WHAT THE EXERCISE ASKS
With pictures excluded, copy word for word the lines in the data below from the line containing "Das 9h às 11h" through the line containing "A solenidade também".

BEGIN DATA SHOWN

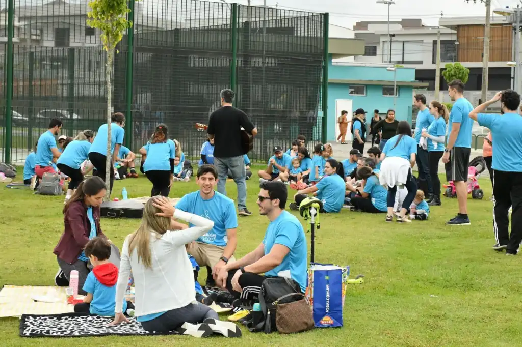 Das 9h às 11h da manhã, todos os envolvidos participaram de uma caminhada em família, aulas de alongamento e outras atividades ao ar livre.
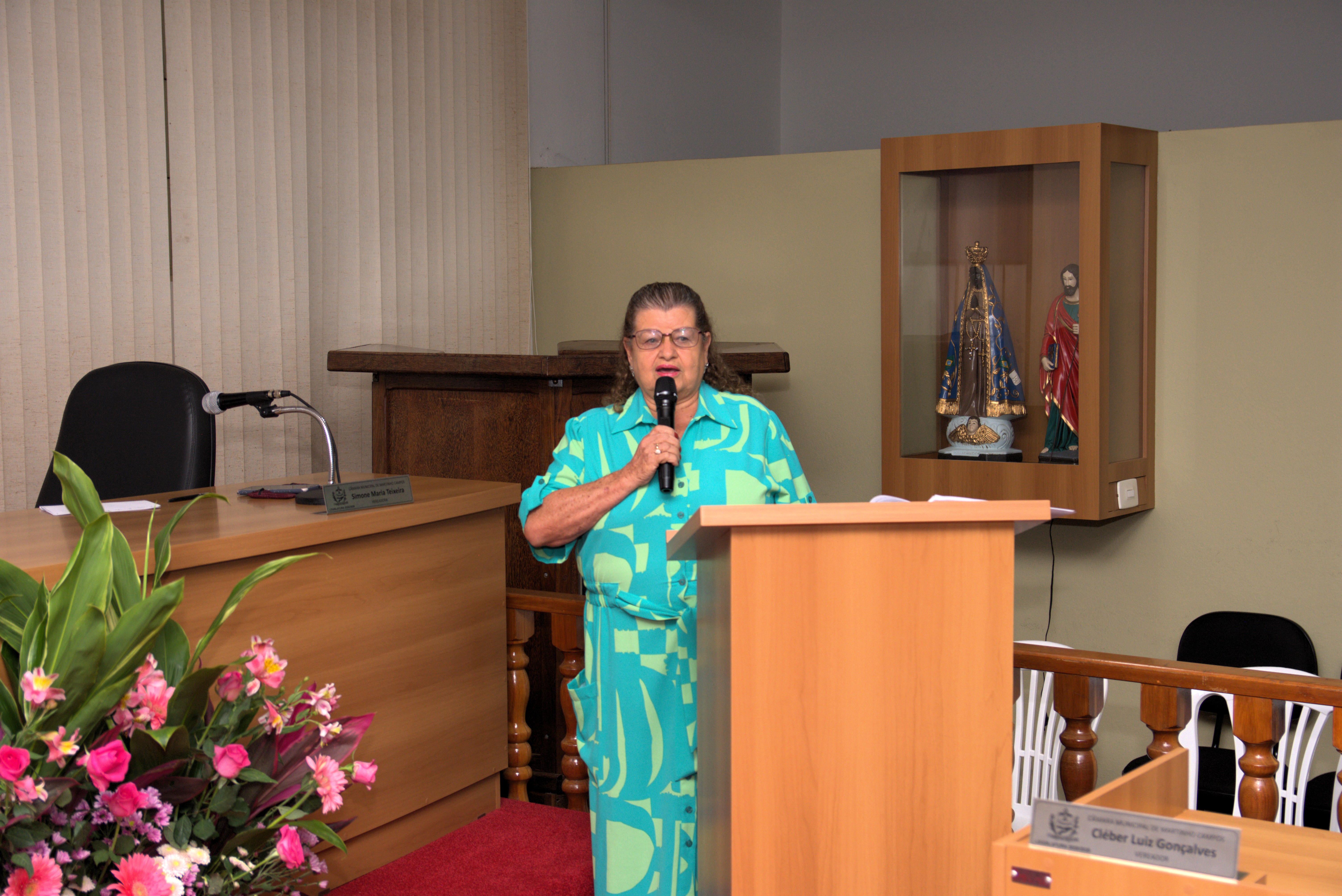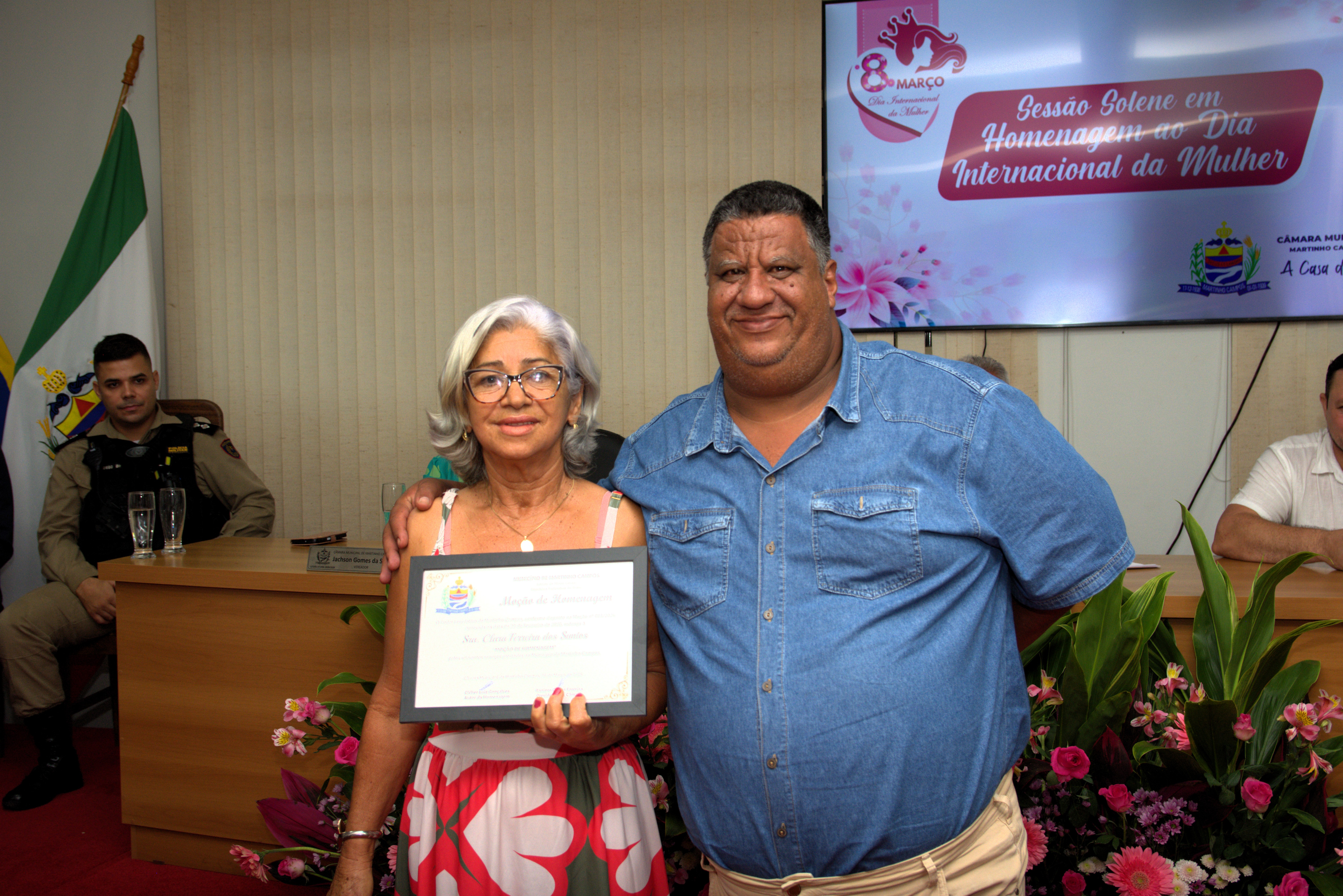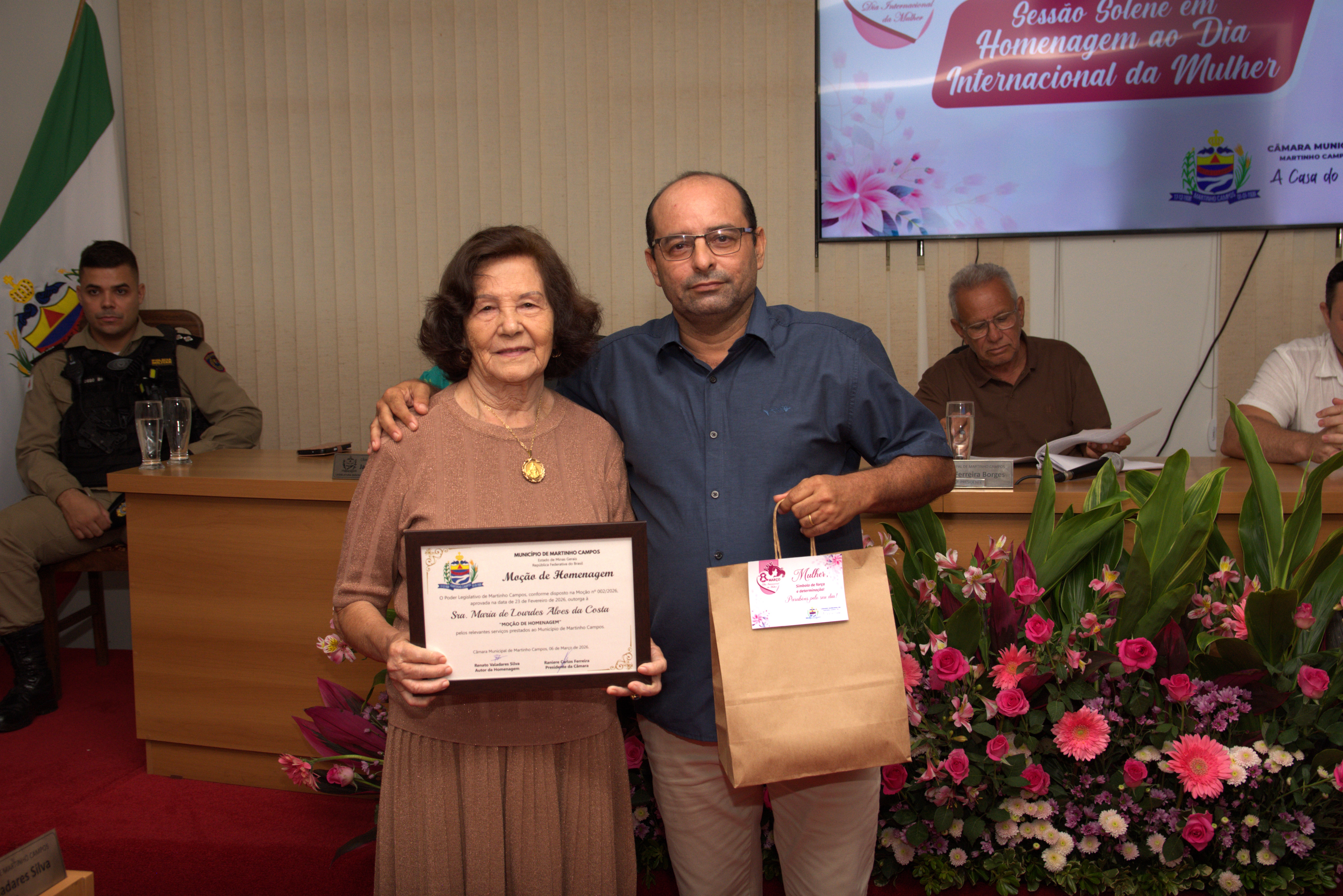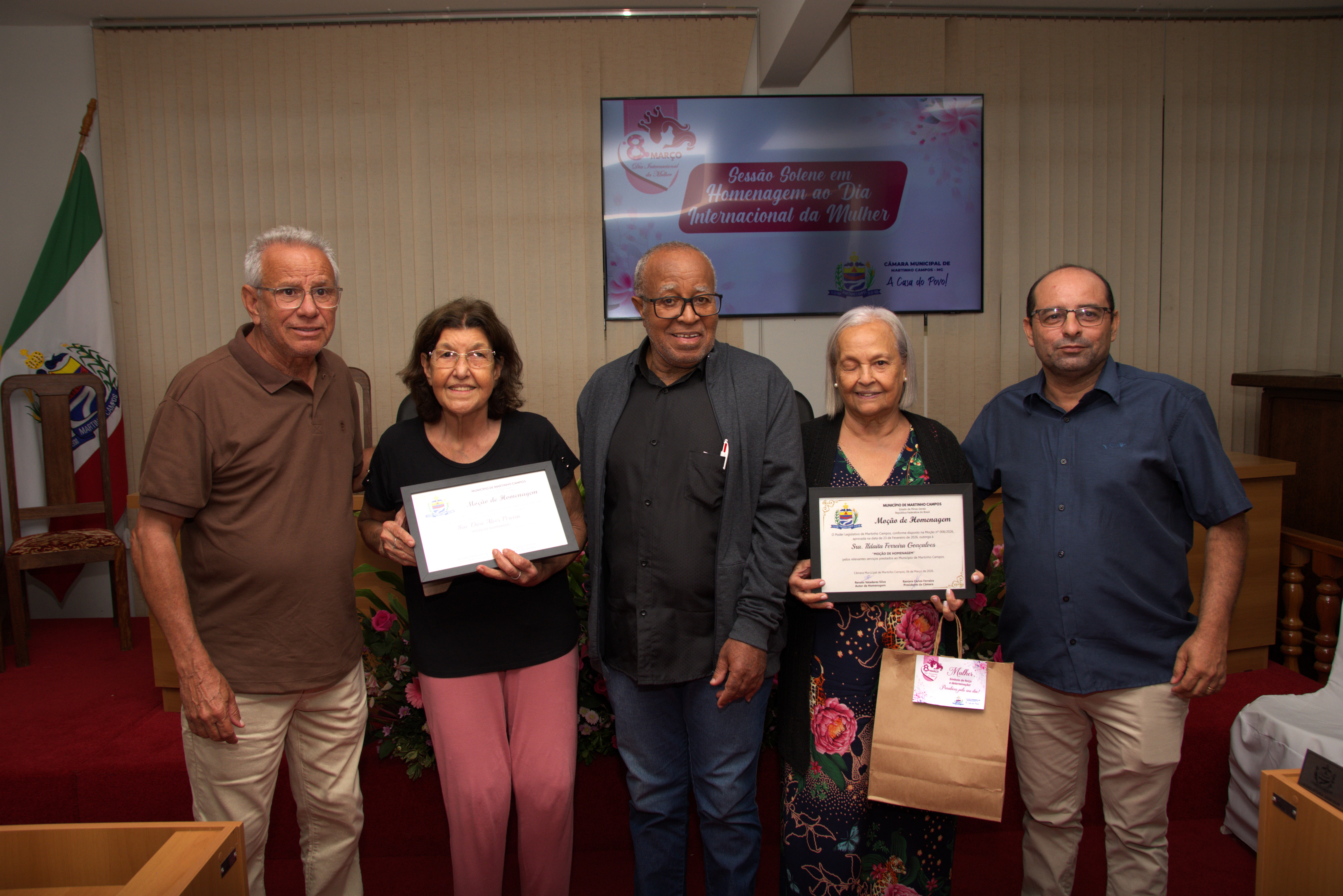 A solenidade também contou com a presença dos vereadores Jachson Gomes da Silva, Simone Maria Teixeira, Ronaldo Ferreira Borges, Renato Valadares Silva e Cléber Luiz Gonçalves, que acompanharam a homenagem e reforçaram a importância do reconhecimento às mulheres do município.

END DATA SHOWN
BEGIN DATA SHOWN

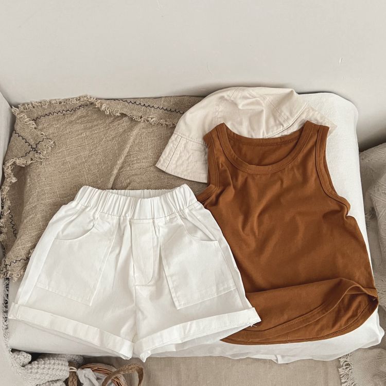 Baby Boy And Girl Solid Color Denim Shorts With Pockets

END DATA SHOWN

EXERCISE RESULT
 Das 9h às 11h da manhã, todos os envolvidos participaram de uma caminhada em família, aulas de alongamento e outras atividades ao ar livre.
 A solenidade também contou com a presença dos vereadores Jachson Gomes da Silva, Simone Maria Teixeira, Ronaldo Ferreira Borges, Renato Valadares Silva e Cléber Luiz Gonçalves, que acompanharam a homenagem e reforçaram a importância do reconhecimento às mulheres do município.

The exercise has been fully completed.